🤖 AI Summary
Query join-order optimization in databases is an NP-hard problem; conventional combinatorial search methods suffer from high computational complexity and poor scalability. This paper proposes the first end-to-end differentiable optimization framework: it continuously relaxes the discrete join-plan space into a soft adjacency matrix, incorporates Gumbel-Softmax reparameterization and differentiable constraint enforcement to enable gradient-driven join-order search, and employs a graph neural network to construct a learnable, differentiable cost model supporting backpropagation.
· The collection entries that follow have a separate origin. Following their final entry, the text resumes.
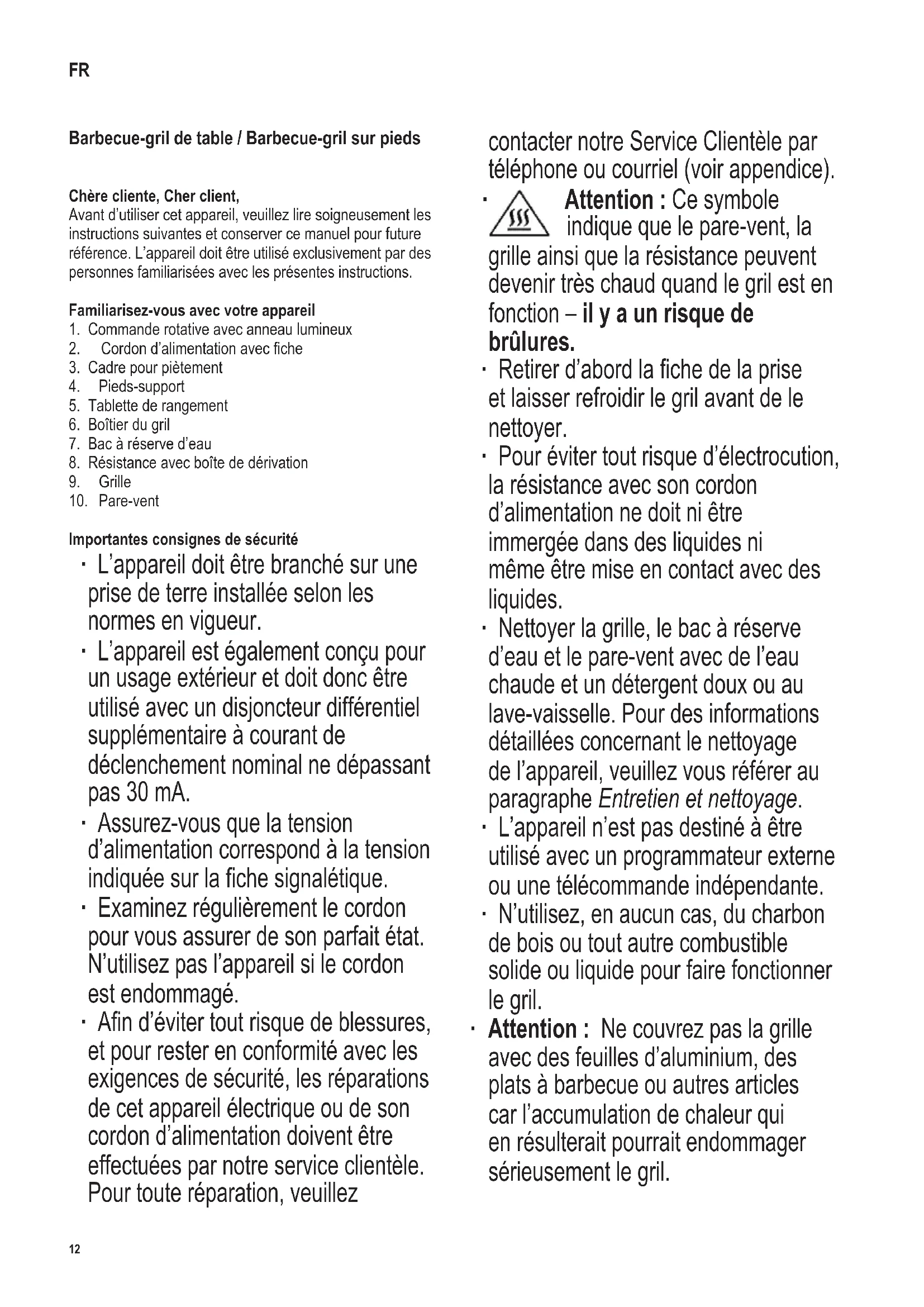 Attention : Ce symbole indique que le pare-vent, la grille ainsi que la résistance peuvent devenir très chaud quand le gril est en fonction – il y a un risque de brûlures. ∙ Retirerd’abordlachedelaprise et laisser refroidir le gril avant de le nettoyer. ∙ Pour éviter tout risque d’électrocution, la résistance avec son cordon d’alimentation ne doit ni être immergée dans des liquides ni même être mise en contact avec des liquides. ∙ Nettoyer la grille, le bac à réserve d’eau et le pare-vent avec de l’eau chaude et un détergent doux ou au lave-vaisselle. Pour des informations détaillées concernant le nettoyage de l’appareil, veuillez vous référer au paragraphe Entretien et nettoyage. ∙ L’appareil n’est pas destiné à être utilisé avec un programmateur externe ou une télécommande indépendante. ∙ N’utilisez, en aucun cas, du charbon de bois ou tout autre combustible solide ou liquide pour faire fonctionner le gril. ∙ Attention : Ne couvrez pas la grille avec des feuilles d’aluminium, des plats à barbecue ou autres articles car l’accumulation de chaleur qui en résulterait pourrait endommager sérieusement le gril. FR13 142 x 208 mm ∙ 900 ml d’eau au maximum peuvent être versés dans le bac à réserve d’eau. ∙ Cet appareil est destiné à être utilisé dans des applications domestiques et analogues telles que : - des coins cuisines réservés au personnel dans des magasins, bureaux et autres environnements professionnels ; - des fermes ; - l’utilisation par les clients des hôtels, motels et autres environnements à caractère résidentiel ; - des environnements de type chambres d’hôtes. ∙ Cet appareil peut être utilisé par des enfants (à partir de 8 ans) et par des personnessouffrantdedéciences physiques, sensorielles ou mentales, ou manquant d’expérience ou de connaissances, s’ils ont été formés à l’utilisation de l’appareil et ont été supervisés, et s’ils en comprennent les dangers et les précautions de sécurité à prendre. ∙ Les enfants ne sont pas autorisés à jouer avec l’appareil. ∙ Les enfants ne doivent pas être autorisés à nettoyer ou entretenir l’appareil à moins d’être supervisés et d’avoir plus de 8 ans. ∙ L’appareil et son cordon d’alimentation doivent être, à tout moment, tenus hors de portée des enfants de moins de 8 ans. ∙ Attention : Tenez les enfants à l’écart des emballages, qui représentent un risque potentiel, par exemple, de suffocation. ∙ Avantd’utilisercetappareil,vériezquetousles accessoires fournis sont en parfait état. Ne l’utilisez pas s’il est tombé sur une surface dure : en effet, des dégâts invisibles peuvent avoir des incidences fâcheuses sur son bon fonctionnement. ∙ Utilisezlegrilexclusivementsurunesurfacerésistante à la chaleur et aux éclaboussures. Celles-ci ne sont pas toujours évitables lors de la cuisson d’aliments à forte teneur en graisse ou en eau. ∙ N’installez pas le gril près d’un mur ou dans un coin et assurez-vousqu’iln’yaaucunmatériauinammableà proximité. ∙ N’oubliez pas que les aliments à forte teneur en graisse ou en eau peuvent prendre feu ; de ce fait, remplissez toujours le bac à réserve d’eau avant l’utilisation. Ne branchez pas le gril sur le secteur avant d’avoir rempli le bac. L’eau aide à refroidir le bac, diminue l’accumulation de fumée et facilite le nettoyage. ∙ Surveillez régulièrement le niveau d’eau. Ajoutez de l’eau en temps voulu en vous assurant qu’elle n’entre pas en contact avec la résistance. Attention : Débranchez le gril de la prise murale avant d’ajouter de l’eau. ∙ Avant d’utiliser le gril, vériez que la résistance s’adapte correctement au bac à réserve d’eau et au boîtier. ∙ Ne laissez à aucun moment le gril fonctionner sans surveillance. ∙ N’oubliez en aucun cas que la résistance et la grille deviennent très chaudes quand le gril est en fonction. Ne touchez pas à la résistance, même éteinte, avant de luiavoirlaissésufsammentdetempspourrefroidir– risques de brûlures graves. ∙ Assurez-vous que le cordon ne touche aucune partie chaude de l’appareil. ∙ Placez le cordon d’alimentation de façon à ce que personne ne risque de trébucher dessus. ∙ Retirer la che de la prise : - avant de remplir d’eau le bac du gril, - après chaque utilisation, - en cas d’éventuelles perturbations pendant l’emploi, - avant chaque nettoyage. ∙ L’utilisation d’une rallonge ou d’un enrouleur entraîne une perte de puissance qui peut aussi faire chauffer le câble. Il est donc nécessaire de dérouler complètement le câble avant utilisation. Assurez-vous que le câble est homologué pour une utilisation en extérieur et pour la puissancespéciée(voirlachesignalétique). ∙ Attention : Ne pas déplacer le gril pendant son utilisation. Avant de déplacer, transporter ou nettoyer le14 142 x 208 mm gril,assurez-vousqu’ilestsufsammentrefroidi.Videz toute eau restante après utilisation. ∙ Ne laissez pas le gril dehors ou dans un endroit dans lequel il sera soumis à des températures extrêmes ou une température élevée. ∙ Le fabricant décline toute responsabilité en cas de dégâts dus à une utilisation erronée ou au non-respect des consignes de sécurité de l’appareil. ∙ Ce produit est conforme à toutes les directives relatives au marquage “CE”. Avant d’utiliser le gril pour la première fois ∙ Eliminez tous les matériaux d’emballage et autocollants de l’appareil. ∙ Nettoyez la grille, le bac à réserve d’eau et le pare-vent avec de l’eau savonneuse chaude ; essuyez ensuite soigneusement. ∙ Assemblez l’appareil tel que décrit dans Préparation de l’appareil. ∙ Faites chauffer le gril à puissance maximale pendant environ 10 minutes sans aliments (voir Grillades). Ceci aura pour effet d’éliminer l’odeur caractéristique accompagnan
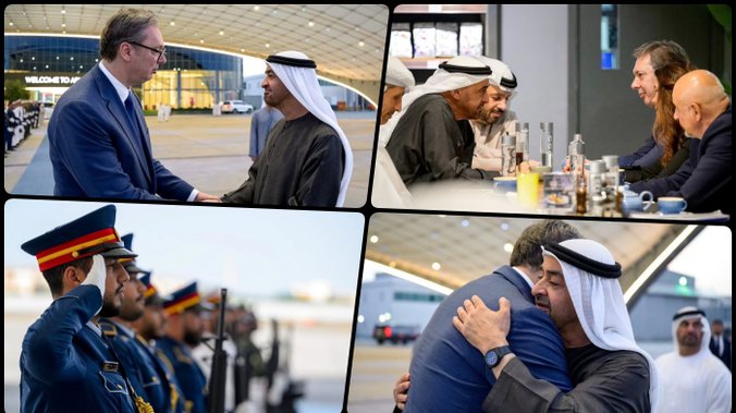 Zahvalan predsedniku Mohamedu bin Zajedu na srdačnom gostoprimstvu, otvorenom i sadržajnom razgovoru, kao i na odnosu koji pokazuje prema Srbiji. U ovakvim nelakim vremenima, važno je imati prijatelje koji razumeju težinu trenutka, ali i značaj mira, stabilnosti i saradnje za budućnost naših naroda.", istakao je predsednik Srbije.
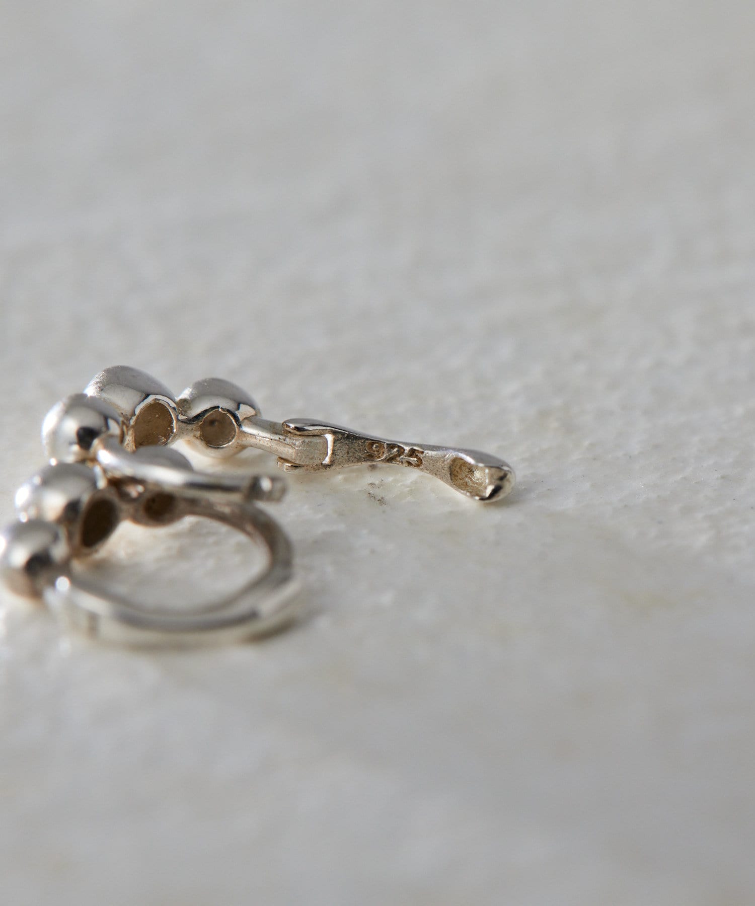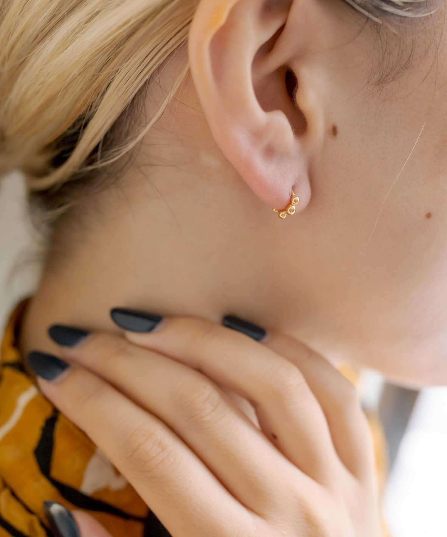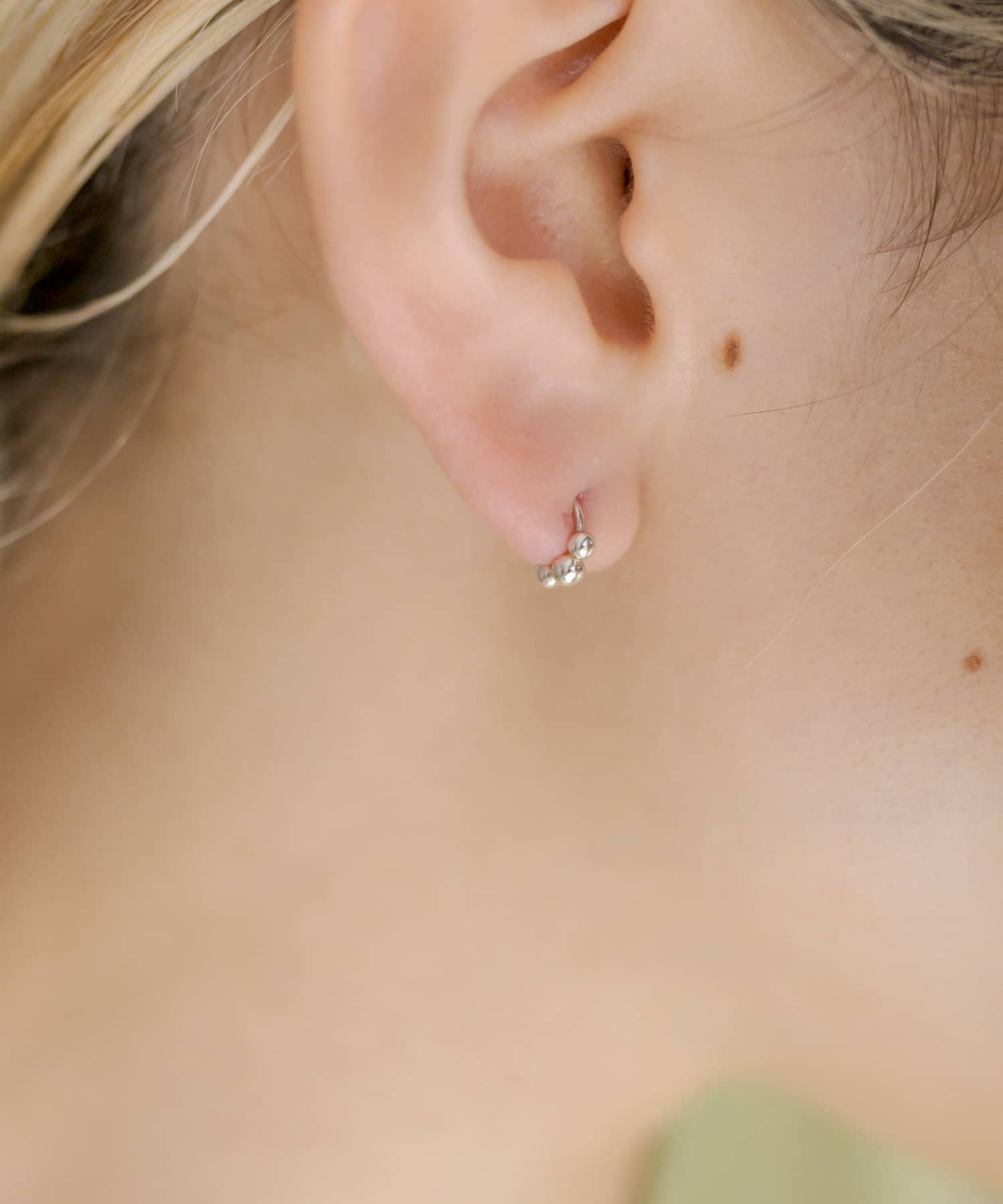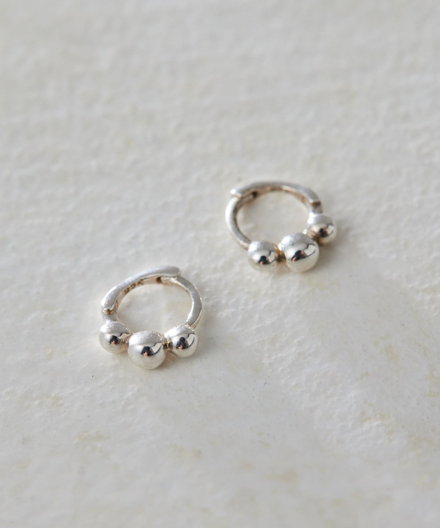 フープに沿って小さなメタルボールが3つ連なったデザイン。

Experiments on two graph datasets demonstrate that the generated execution plans achieve cost competitiveness—often superior—to those produced by classical algorithms (e.g., dynamic programming, greedy heuristics), while runtime scales linearly with query size—marking a significant departure from the quadratic or exponential time complexity inherent to traditional approaches.
📝 Abstract
Join ordering is the NP-hard problem of selecting the most efficient sequence in which to evaluate joins (conjunctive, binary operators) in a database query. As the performance of query execution critically depends on this choice, join ordering lies at the core of query optimization. Traditional approaches cast this problem as a discrete combinatorial search over binary trees guided by a cost model, but they often suffer from high computational complexity and limited scalability. We show that, when the cost model is differentiable, the query plans can be continuously relaxed into a soft adjacency matrix representing a superposition of plans. This continuous relaxation, together with a Gumbel-Softmax parameterization of the adjacency matrix and differentiable constraints enforcing plan validity, enables gradient-based search for plans within this relaxed space. Using a learned Graph Neural Network as the cost model, we demonstrate that this gradient-based approach can find comparable and even lower-cost plans compared to traditional discrete local search methods on two different graph datasets. Furthermore, we empirically show that the runtime of this approach scales linearly with query size, in contrast to quadratic or exponential runtimes of classical approaches. We believe this first step towards gradient-based join ordering can lead to more effective and efficient query optimizers in the future.